"Zum Würstelstand hegte ich über Jahrzehnte hinweg eine gewisse Hassliebe", sagt Politikexperte Peter Filzmaier.

Foto: Katharina Gossow; Location: Bitzinger-Würstelstand

Die Erinnerung

Zum Würstelstand hegte ich über Jahrzehnte hinweg eine gewisse Hassliebe. Er war lange Zeit ein Ort der Sünde für mich, als ich noch im Laufsport aktiv war. Vor den Wettbewerben war ein Besuch hier natürlich tabu.

Aber ein paar Tage nach den Läufen war die Selbstkasteiung mit vernünftiger Ernährung vorbei, und ich ging zum Würstelstand auf Käsekrainer mit Brot, scharfer Pfefferoni und Senf. Wenn schon ungesund, dann richtig. Heutzutage komme ich etwa nach einem anstrengenden Bürotag ganz ohne Reue her.

Die Gästeliste

Manchmal möchte ich einfach allein sein mit meiner Käsekrainer. Ansonsten lasse ich mich gern auf Diskussionen mit anderen Standbesuchern ein – aber lieber über Sport als über Politik. Durch die Pandemie ist völlig in Vergessenheit geraten, dass wir nicht nur ein Land voller Hobbyvirologen sind, sondern auch voller Hobbyfußballtrainer, die alles besser wissen. Ich gehöre natürlich auch dazu.

Der Ort

In Zeiten von Corona ist der Würstelstand als Outdoorlokal eine gute Wahl. Normalerweise gehe ich auch gerne in Gasthäuser. Parteipolitisch gefärbte Restaurants meide ich lieber, um nicht einen falschen Eindruck zu erwecken. Wenn ich einen Politiker oder eine Politikerin treffen wollte, würde ich das so offiziell und exponiert wie möglich tun, damit der Verdacht eines konspirativen Treffens erst gar nicht aufkommen kann.

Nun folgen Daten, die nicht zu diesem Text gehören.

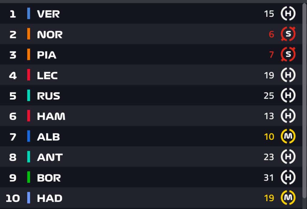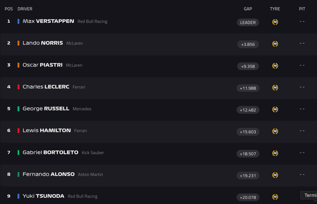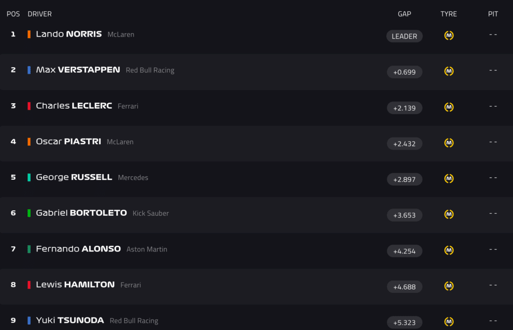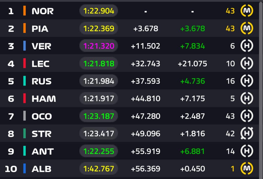 Giro 40 – Le posizioni attuali: Norris, Piastri, Verstappen (fermatosi lo scorso giro), Albon, Leclerc, Russell. 9° Hamilton.

Bei mir zu Hause drehen sich die Tischgespräche selten um Politik. Ein Mediziner will ja auch nicht jeden Abend mit seiner Familie die Verdauungsprobleme seiner Patienten diskutieren. Genauso will ich nicht andauernd die Unappetitlichkeiten der Politik besprechen. Manchmal schon, aber bitte bloß nicht ständig.

Das Menü

Ich koche ganz selten, und wenn, dann nur für mich selbst. Aus Gründen der Menschenrechte! Also derer anderer Menschen. Es würde sehr viel guten Willen meiner Gäste verlangen, extra wegen meiner "Kochkünste" auf Besuch zu kommen. Einen wirklichen Feinschmeckergaumen besitze ich nicht, bin eher ein Gourmand als ein Gourmet.

Ich weiß zum Beispiel, dass mir Budweiser-Bier schmeckt. Aber ich bilde mir nicht ein, es bei einer Blindverkostung unter zehn anderen Bieren herauszuschmecken. Für Wiener Küche bin ich leicht zu begeistern. Italienisch und Chinesisch esse ich phasenweise gerne. Sushi geht immer. Und die Käsekrainer vielleicht nicht täglich, aber auf alle Fälle regelmäßig. (Michael Steingruber, RONDO Exklusiv, 16.11.2020)

Das Gespräch fand vor dem "Lockdown light" statt.